Pancreatitis has been observed in patients receiving alpha interferon treatment, including those who developed marked triglyceride elevations. In some cases, fatalities have been observed. Although a causal relationship to Roferon-A has not been established, marked triglyceride elevation is a risk factor for development of pancreatitis. Roferon-A should be suspended if symptoms or signs suggestive of pancreatitis are observed. In patients diagnosed with pancreatitis, discontinuation of therapy with Roferon-A should be considered.

Roferon-A is indicated for use in patients with chronic hepatitis C diagnosed by HCV antibody and/or a history of exposure to hepatitis C who have compensated liver disease and are 18 years of age or older. A liver biopsy and a serum test for the presence of antibody to HCV should be performed to establish the diagnosis of chronic hepatitis C. Other causes of hepatitis, including hepatitis B, should be excluded prior to therapy with Roferon-A.

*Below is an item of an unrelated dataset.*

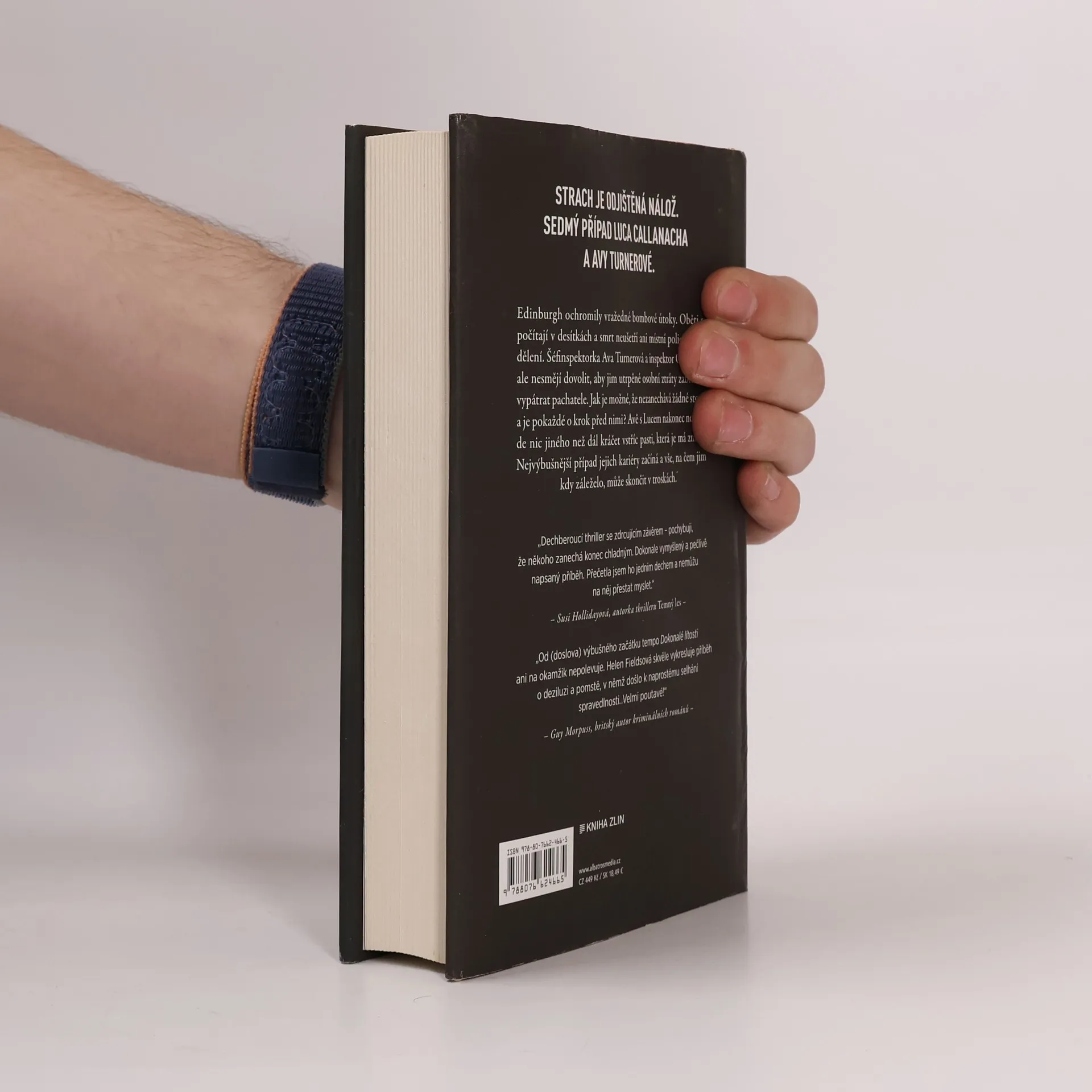 Strach je odjištěná nálož. Sedmý případ Luca Callanacha a Avy Turnerové. Edinburgh ochromily vražedné bombové útoky. Oběti se počítají v desítkách a smrt neušetří ani místní policejní oddělení. Šéfinspektorka Ava Turnerová a inspektor Callanach ale nesmějí dovolit, aby jim utrpěné osobní ztráty zabránily vypátrat pachatele. Jak je možné, že nezanechává žádné stopy a je pokaždé o krok před nimi? Avě s Lucem nakonec nezbude nic jiného než dál kráčet vstříc pasti, která je má zničit. Nejvýbušnější případ jejich kariéry začíná a vše, na čem jim kdy záleželo, může skončit v troskách.

3 million IU (11.1 mcg/0.5 mL) Roferon-A per syringe — The solution is colorless and each 0.5 mL contains 3 MIU of Interferon alfa-2a, recombinant, 3.605 mg sodium chloride, 0.1 mg polysorbate 80, 5 mg benzyl alcohol as a preservative and 0.385 mg ammonium acetate.

6 million IU (22.2 mcg/0.5 mL) Roferon-A per syringe — The solution is colorless and each 0.5 mL contains 6 MIU of Interferon alfa-2a, recombinant, 3.605 mg sodium chloride, 0.1 mg polysorbate 80, 5 mg benzyl alcohol as a preservative and 0.385 mg ammonium acetate.

9 million IU (33.3 mcg/0.5 mL) Roferon-A per syringe — The solution is colorless and each 0.5 mL contains 9 MIU of Interferon alfa-2a, recombinant, 3.605 mg sodium chloride, 0.1 mg polysorbate 80, 5 mg benzyl alcohol as a preservative and 0.385 mg ammonium acetate.

The route of administration is by subcutaneous injection.